Sean Kirst: For Arlene Abend, legendary Syracuse artist, a daughter’s quest to create a living memorial
Excerpt from Central Current
Great art is so often found behind red velvet ropes, fragile artifacts from another time that are too delicate to handle. For children, said Marguerite Mitchell, that frequent reality is defined by words they begin hearing almost as soon as they are mobile.
Look, but don’t touch.
Arlene Abend brought an entirely different ethic to her lessons at the Redhouse Arts Center, Mitchell said. For years, the great Syracuse sculptor was a dynamic instructor of children’s art classes.
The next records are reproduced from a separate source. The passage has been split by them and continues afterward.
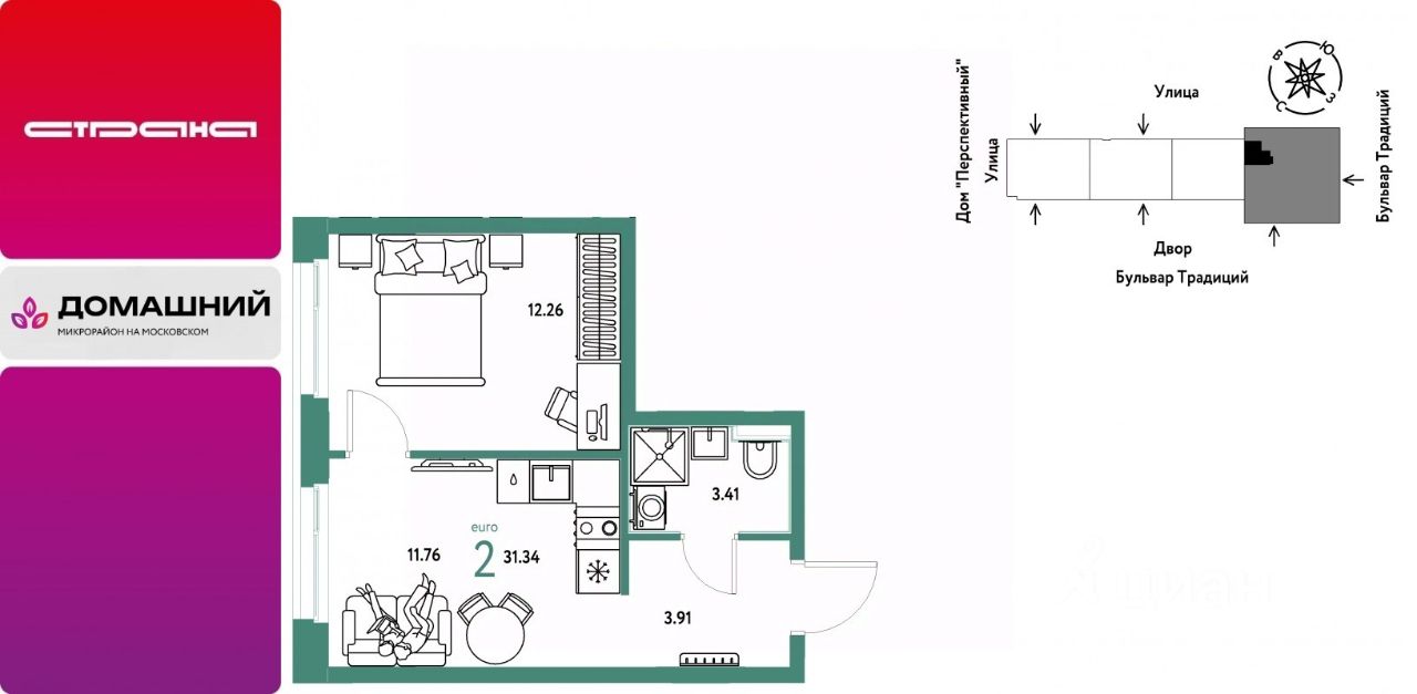 Продается 2комнатная квартира на 12 этаже от застройщика Страна Девелопмент. Площадь квартиры 31,34 кв. м.
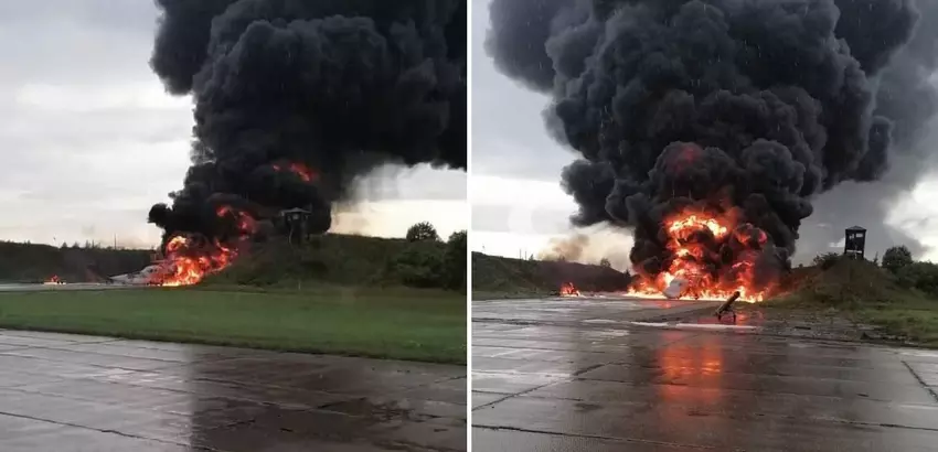 Es ist erwähnenswert, dass ähnliche Erklärungen vor zwei Tagen nach dem Angriff auf den Flugplatz Soltsy 700 Kilometer von der Ukraine entfernt abgegeben wurden. Am nächsten Tag tauchten jedoch Fotos von einem brennenden Tu-22M3-Bomber auf. Sie können sie unten sehen.
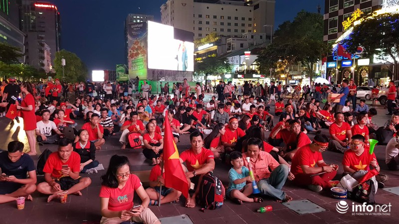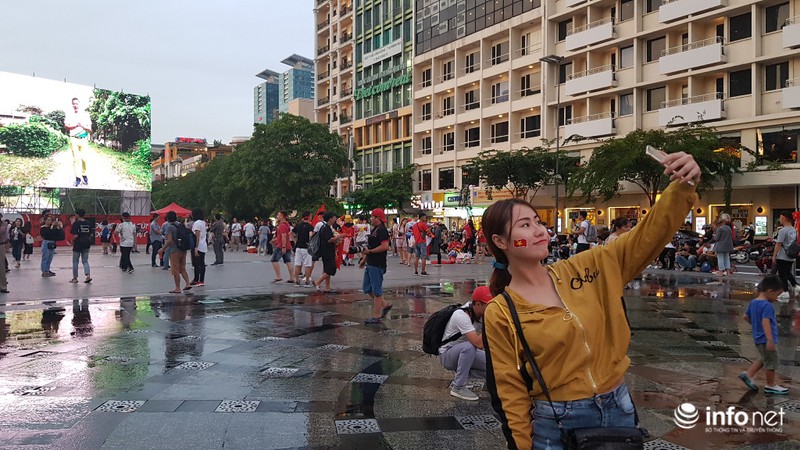 Trận đấu còn hơn 1h đồng hồ nữa mới diễn ra nhưng phố đi bộ Nguyễn Huệ đã đông đúc, rực màu đỏ của người hâm mộ |
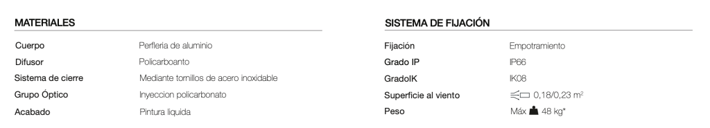 Luminaria de diseño moderno, adecuada para aplicaciones de alumbrado en parques, costaneras, paseos urbanos tanto públicos como privados. Cuerpo en perfileria de hierro acabado con pintura epoxi. Difusor PMMA. Grado de estanqueidad IP66 e IK08.
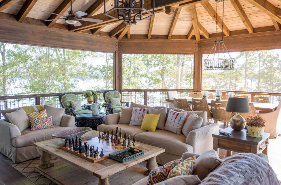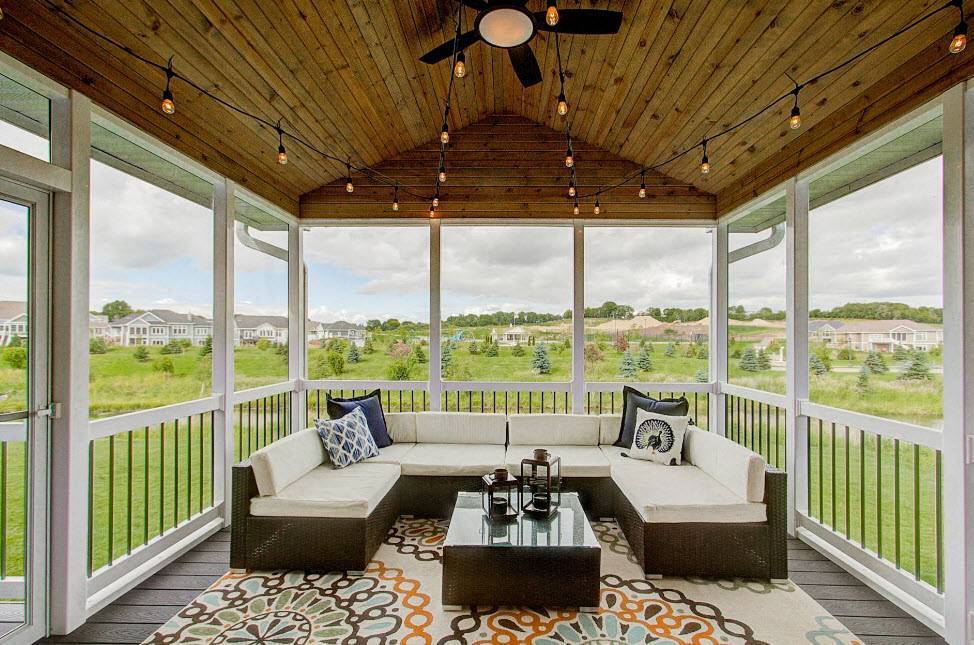 Однако недостаточно просто пристроить такой объект. Его нужно наполнить всем необходимым. Удачным сочетанием будет мягкая мебель, уже защищенная от внешних факторов, и ковровое покрытие, по которому гораздо удобнее ходить.
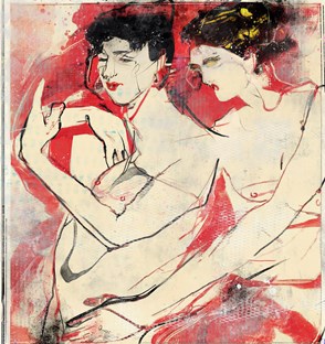 - Håndkolorert mixed media
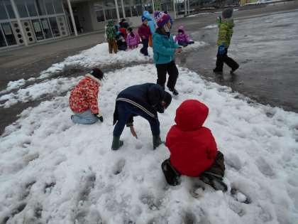 昨日降った雪が少しだけ残っていたので、グラウンドに出て雪遊びをしました。
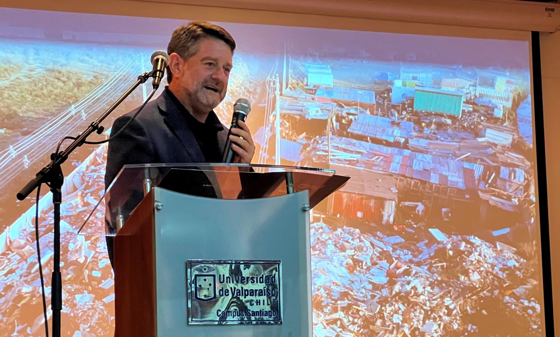 Con una amplia concurrencia de estudiantes, académicos, académicas, representantes municipales, sociales y de gremios, se desarrolló la conferencia del gobernador de Santiago, Claudio Orrego, “Recuperando la ciudad para las personas”, en el teatro del Campus Santiago de la Universidad de Valparaíso.

Mitchell, the organization’s director of education, said Arlene’s whole emphasis with kids was far more direct and intimate than simply teaching about works of art, as faraway examples.
Her lessons involved the knowledge that changed her own life, the transformative power of what those girls and boys could do with their own hands.
That message — a statement about her impact on the future, rather than a sad farewell — will be at the heart of a community memorial Wednesday for Arlene, who died last autumn.
“She was a ball of energy,” said Mitchell, who joined Redhouse executive director Franklin Fry in recalling how Arlene was a front row regular at every theatrical production held in the place. Her driving motivation with children was to “put a fire under them,” Mitchell said.
Arlene was particularly focused on helping them to “dream big,” inviting them to ask the same question every day that had changed her own life:
What if?
It was a question she brought with particular empathy to young women and girls, Mitchell said. Roughly 60 years ago, Arlene — who stood 5-foot-2 — embraced welding as a means of creating her art at a time when few women were working with a torch and heavy metals.